2. The corresponding partition in the data for the join, here first small table partition is constructed as a hash table, and then according to the large table recorded in the join keys value out to match

Shuffle Hash Join conditions are the following:

The average size of the partition does not exceed the value configured by spark.sql.autoBroadcastJoinThreshold, the default is 10M Source code GitHub link

The side of the table should be significantly smaller than the other side, the small side will be broadcast (obviously less than the definition of 3 times the small, here for the empirical value) We can see that in a certain size of the table, SparkSQL from the perspective of time and space, the two tables will be re-zoning, and the small table in the partition hash, to complete the join. In maintaining a certain degree of complexity on the basis of minimizing the driver and executor memory pressure, to enhance the stability of the calculation.

The main thing to note here is that Shuffle Hash join will be used as the join strategy only when spark.sql.join.preferSortMergeJoin is set to false

and the cost to build a hash map is less than sorting the data. By default, sort merge join is preffered over Shuffle Hash Join.

ShuffledHashJoin is still useful when :

1) any partition of the build side could fit in memory

2)one table is much smaller than the other one, then cost to build a hash table on a smaller table is smaller than sorting the larger table.

Sort merge join

The two implementations described above are more applicable to tables of a certain size, but when both tables are very large, it is clear that whatever of them will apply a lot of pressure on the memory. This is because the join is taken when the two are hash join, is the side of the data completely loaded into memory, the use of hash code to take bond values equal to the record to connect.

When the two tables are very large, Spark SQL uses a new algorithm to join the table, that is, Sort Merge Join. This method does not have to load all the data and then into the start hash join, but need to sort the data before the join.

You can see that the first two tables in accordance with the join keys were re-shuffle, to ensure that the same value of the join keys will be divided in the corresponding partition. After partitioning the data in each partition, sorting and then the corresponding partition within the record to connect,

It has 3 phases:

1)Shuffle Phase: The 2 large tables are repartitioned as per the join keys across the partitions in the cluster.

2)Sort Phase: Sort the data within each partition parallelly.

3)Merge Phase: Join the 2 sorted + partitioned data.

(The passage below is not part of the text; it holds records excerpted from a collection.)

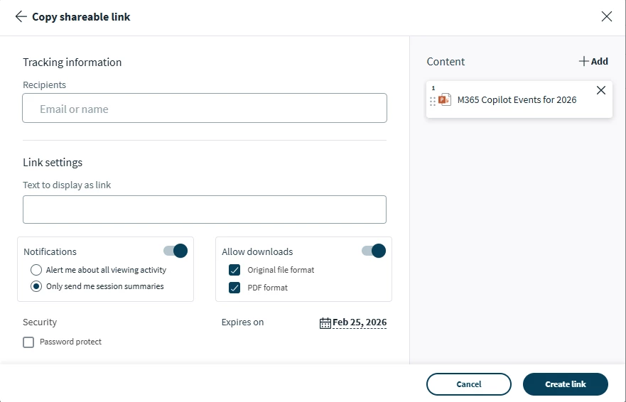 I’m using the Workspace feature in Seismic to create content (PowerPoint slides) to share with my customers. I typically upload the content and then Create a Link in Seismic and send that link out via email.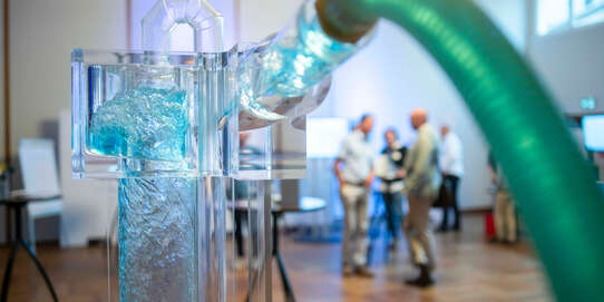 An unserem Kundenanlass «Blaue Zukunft: Wenn Algorithmen Wasser bewegen» konnte das Modell begutachtet werden – das Interesse war gross, die Rückmeldungen durchwegs positiv. Das transparente Modell machte Strömung, Luftführung, Wirbel und die damit verbundene Ingenieursarbeit auf eindrückliche Art sichtbar.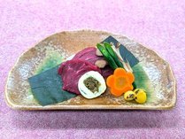 お刺身、郷土の歩荷汁が付いた和食膳をどうぞ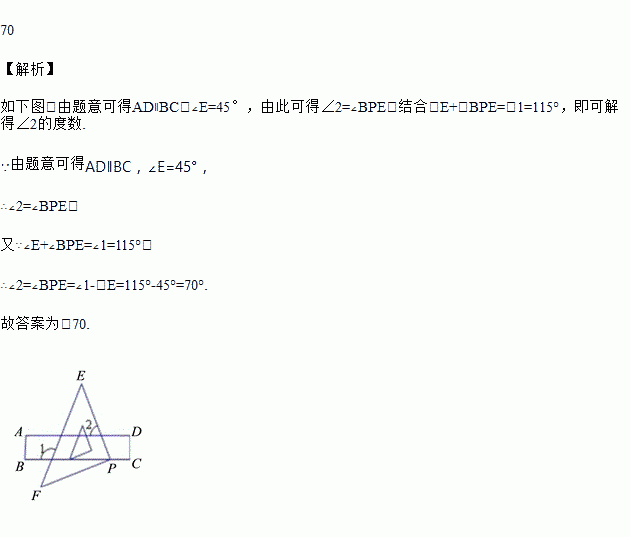 如图,把一块直角三角板的直角顶点放在直尺的一边上,如果∠1=115°,那么∠2是_____度.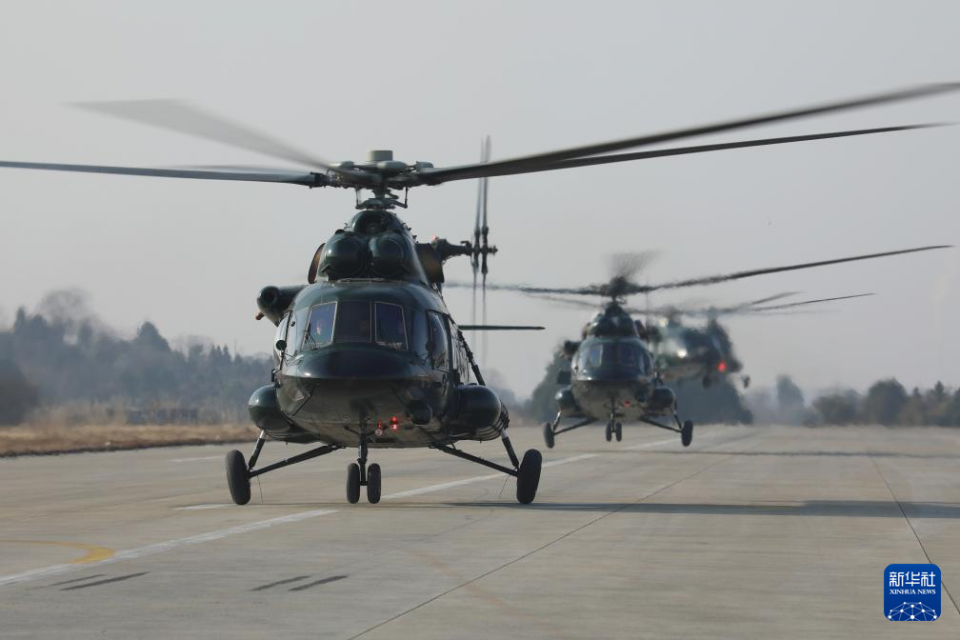 1月6日,武警第二机动总队某支队直升机编队起飞。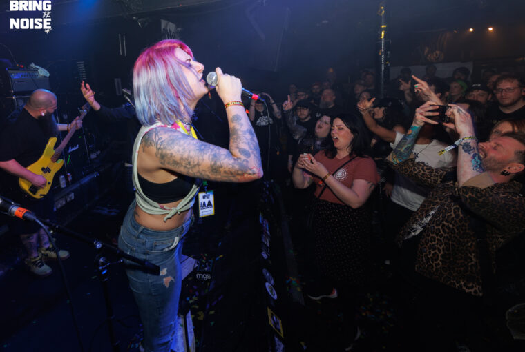 We headed off to the Breadshed next, arguably our favourite MPF venue, to see SHOOTING DAGGERS who have put a massive amount of work in over the last couple of years and judging by the large crowd that packed into the venue, it’s clearly paying off. The bands trippy approach to hardcore was received well by the crowd who pushed themselves up in front of the stage. Shooting Daggers bring to mind bands like Turnstile but with a distinct groove which is totally their own. The songs ooze confidence and are delivered with an effortless style. This band are constantly playing shows so make sure you go and check them out. New York’s SPACED were up next in the Breadshed and delivered a short but sweet set of raging modern hardcore. The large crowd got caught up in the energy as front woman Lexi Reyngoudt paced back and forth, kicking and screaming as she went. The entire band looked to be having the time of their lives and clearly the bands relentless touring schedule has given them the confidence to lead the charge for the American hardcore in 2024. 8/10

This is basically merging of the dataset by iterating over the elements and joining the rows having the same value for the join key.

Also, note that sometimes spark by default chooses Merge Sort Join which might not be always ideal.

The property spark.sql.join.preferSortMergeJoin which controls the behavior of the algorithm

Look very familiar, right? Is also very simple, because the two sequences are orderly, from scratch traverse, hit the same key on the output; if different, left to continue to take the left, and vice versa.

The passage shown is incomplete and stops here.